Oh, and btw, Sony has been in the theater business before

 
In regards to the big news this week about Sony buying Alamo Drafthouse, no one anywhere has mentioned that this is not their first time at the rodeo. Quite the opposite – you’d think this recent purchase of theirs was some kind of revolutionarily huge new 21st-century deal.

As we’ve been saying for a while, nobody knows anything any more. By contrast, we like to look things up — on our own, not with AI. Like this:
 


 

Sony has always been able to get into the exhibition business because the 1949 Paramount Decree only applies to movie companies that were in business at the time. Sony bought Columbia in 1989.

And so as they once did they now are again. Wonder how long they’ll keep at it this time?

 

Barely a week into its run, the 10-screen Sony Theaters Lincoln Square complex, the new flagship of the Japanese-owned chain, is drawing record crowds, company figures show, including gawkers drawn by the outsize sidewalk video screen, a monumental mural of filmdom nostalgia and electronic panels flashing show times.

Inside, patrons find gift shops, black and gold palm trees, faux movie palaces, and ushers wired like secret service agents who practically wrestle people down to say hello.

Many visitors seem taken aback by the unexpected salutation and genuinely puzzled by such amenities as the indoor box office, actually a counter of ticket takers, which obviates cold outdoor lines and pathetic questions like, “Is this the ticket-holder’s line?”

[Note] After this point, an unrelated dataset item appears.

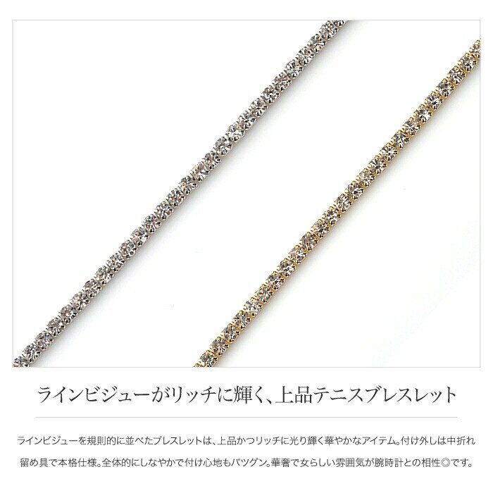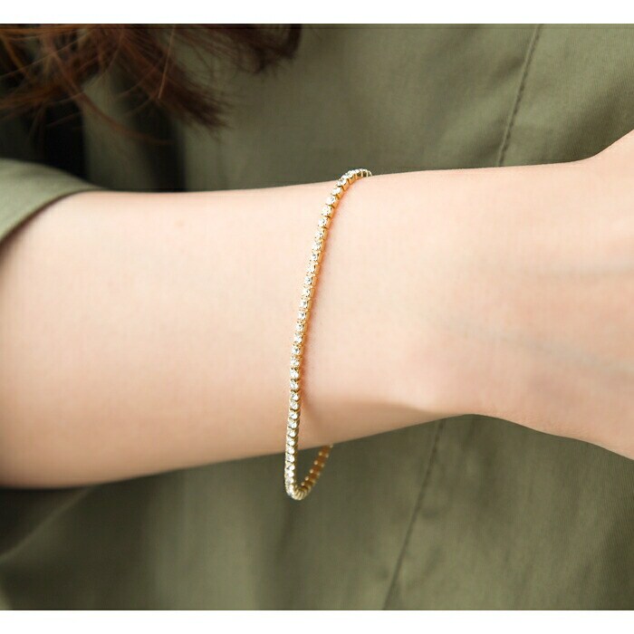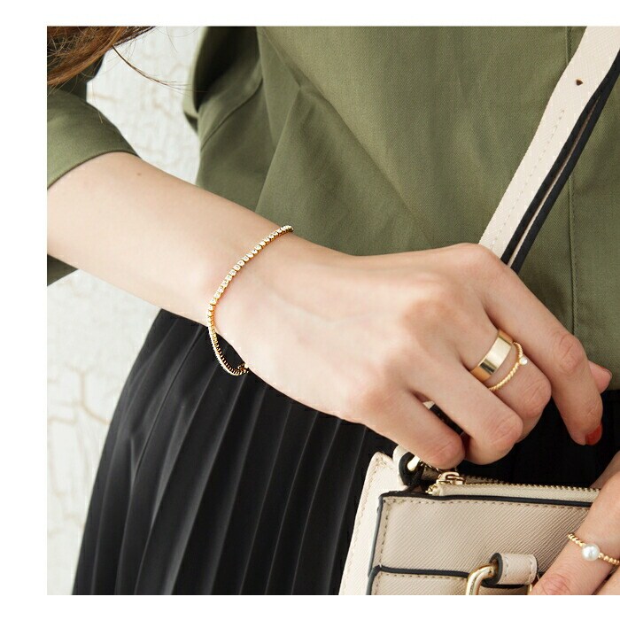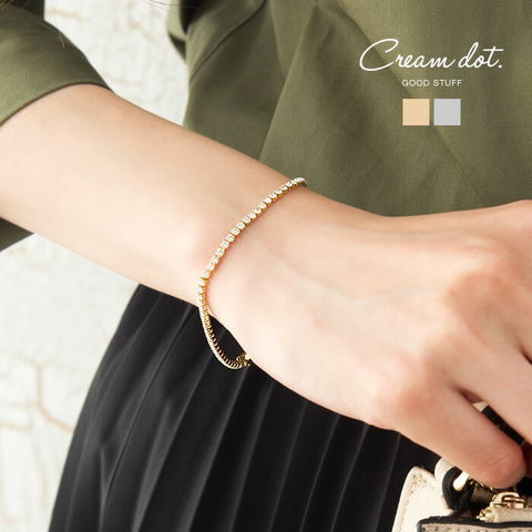 ブレスレット レディース テニスブレス ラインビジュー キュービックジルコニア 細身 重ねづけ め 小物 cream dot ゆうパケット [ゴールド_フリーサイズ]

… Occupying the site of a demolished post office at Broadway and 68th Street in what Sony considered one of the “underscreened” areas of the West Side — between Lincoln Center and Sony’s multiplex at 84th Street and Broadway — the Lincoln Square complex has become something of a show of its own.

 

Both these theaters on Broadway in the UWS are now owned by AMC. The Lincoln Square and Empire on 42nd Street alternate back and forth with Burbank as the chain’s highest grosser.

And they’re all kind of cruddy there too, in NYC. Some of the floors look like storage areas.